Некоронованный — страница 107 из 133

– Вы… парни, вы чего? Вы это всё – вдвоем?!

– Нет, – Аранарт отер пот со лба, – тут проходил отряд гномов, он всё и наколол. И дальше пошел.

Трактирщик недоуменно переводил взгляд с одного на другого и с них на двор, засыпанный дубовыми поленьями.

Хэлгон на всякий случай отступил в тень, но предосторожность была явно излишней: ошалевший хозяин сейчас видел только деревяшки.

– Мы договаривались насчет помыться.

– Ну… оно готово… но, эт-то, про один пень говорили…

– Нам остальные обратно собрать? – осведомился Хэлгон.

Аранарт чуть нахмурился:

– Ты считаешь, что ты нам что-то должен?

– Ну… да. По-честному если.

– Муки – дашь? – напряженным голосом спросил вождь дунаданов.

– Чего?

– Муки. Обычной муки.

– Ржаной? Пшеничной?

– Без разницы.

– Э-э… дам. А сколько?

– Ну а на сколько мы тебе накололи?

– Э-э…

– Два мешка дашь?

– Дам. Еще как дам.

– И как ты их тащить собираешься? – осведомился Хэлгон.

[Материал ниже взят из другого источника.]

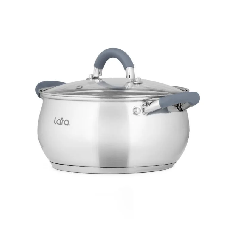 Классический набор кастрюль LARA серии “BELL” с сотейником – это понятный дизайн и безопасность в использовании. Вы точно не ошибётесь если остановите на нём свой выбор. Внутренняя мерная шкала облегчает процесс приготовления пищи и Вы сможете точно следовать выбранной рецептуре. Набор выполнен из высокоуглеродистой нержавеющей стали марки AISI201 с зеркальной полировкой. Для крышек использовали жаропрочное стекло с паровыпуском и стальным ободом C-формы плотно прилегающим к стенкам. Полые ручки на заклёпках с ненагревающимися силиконовыми накладками серого цвета. 5-слойное индукционное капсулированное дно подходит для всех типов плит.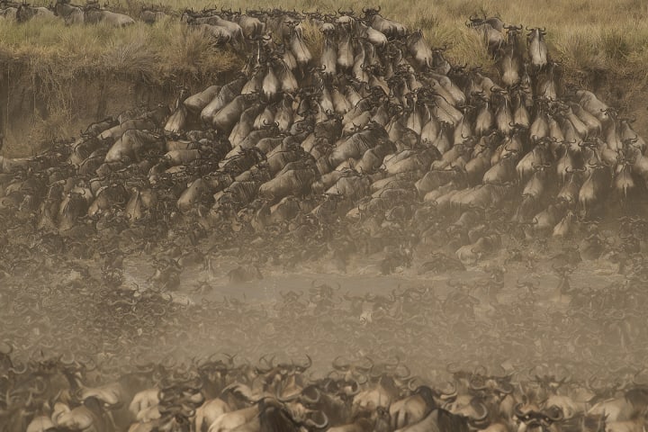 The great migration or the annual wildebeest migration takes place in Masai Mara starting from June to October. Millions of wildebeest are joined by other plain animals like zebras, impalas, gazelles, and more during the migration. The migration occurs as the animals search for food and water.

– А никак. – Он пристально посмотрел на трактирщика. – К тебе приедет… такой как мы. Напомнит, как мы тебе тут дуб перекололи. Отдашь ему.

– Да, господин мой, – ответил трактирщик раньше, чем понял, что именно он сказал.

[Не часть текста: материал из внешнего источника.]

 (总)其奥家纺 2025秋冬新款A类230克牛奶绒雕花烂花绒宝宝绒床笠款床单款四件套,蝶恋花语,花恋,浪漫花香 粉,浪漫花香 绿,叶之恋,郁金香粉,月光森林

– Хватит болтать, – нарочито громко заявил Хэлгон. – Скоро ночь, а мы до сих пор во дворе.

– Да, да, идемте…

– А если ты считаешь, что и еще нам должен, то пусть нам в комнату принесут еще этого, как его… пожрать.

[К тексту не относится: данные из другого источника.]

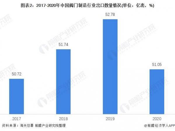 从出口数量来看,2017年来,我国阀门出口数量基本保持不变,2020年全年出口51.05亿套,同比下降3.27%。

Нолдор выдавливал из себя самый развязный человеческий тон, на который он только был (или не был!) способен. Чтобы эта круглая человечья морда не осознала и забыла…

День, конечно, был тяжелый, но это ж не повод так держать себя!

Тут трактир, а не тронный зал Минас-Тирита.

…молчит. Правильно молчит. «Не обнаруживать себя. Не выдавать себя»… а сам?!

…голова наполовину седая, а до сих пор присмотр на ним нужен.



Среброволосая

Давно уже все пятеро сыновей разъехались по своим поселкам: кто на северной границе, кто на восточной, кто на южной. Риан как-то незаметно вернулась к своему изначальному занятию: возиться с чужими детьми. И год от года число детей на Королевском Утесе росло: родственники приходили погостить, взяв с собой малыша, а уходили без него. Он же побудет тут у вас некоторое время? год, другой… Аранарт самым старательным образом не замечал этих хитростей.

Он ясно видел, что не стремление снять с себя заботу о малышах ведет дунаданов сюда. Те, кто оставлял детей родичам, шли ради Риан, на которую смотрели так, будто это ее руки были целительны, будто она сможет оградить малышей от бед – сейчас и на всю жизнь. И хоть в глаза ее по-прежнему звали Матушкой, Хэлгон говорил, что меж собой ее всё чаще называют Королевой.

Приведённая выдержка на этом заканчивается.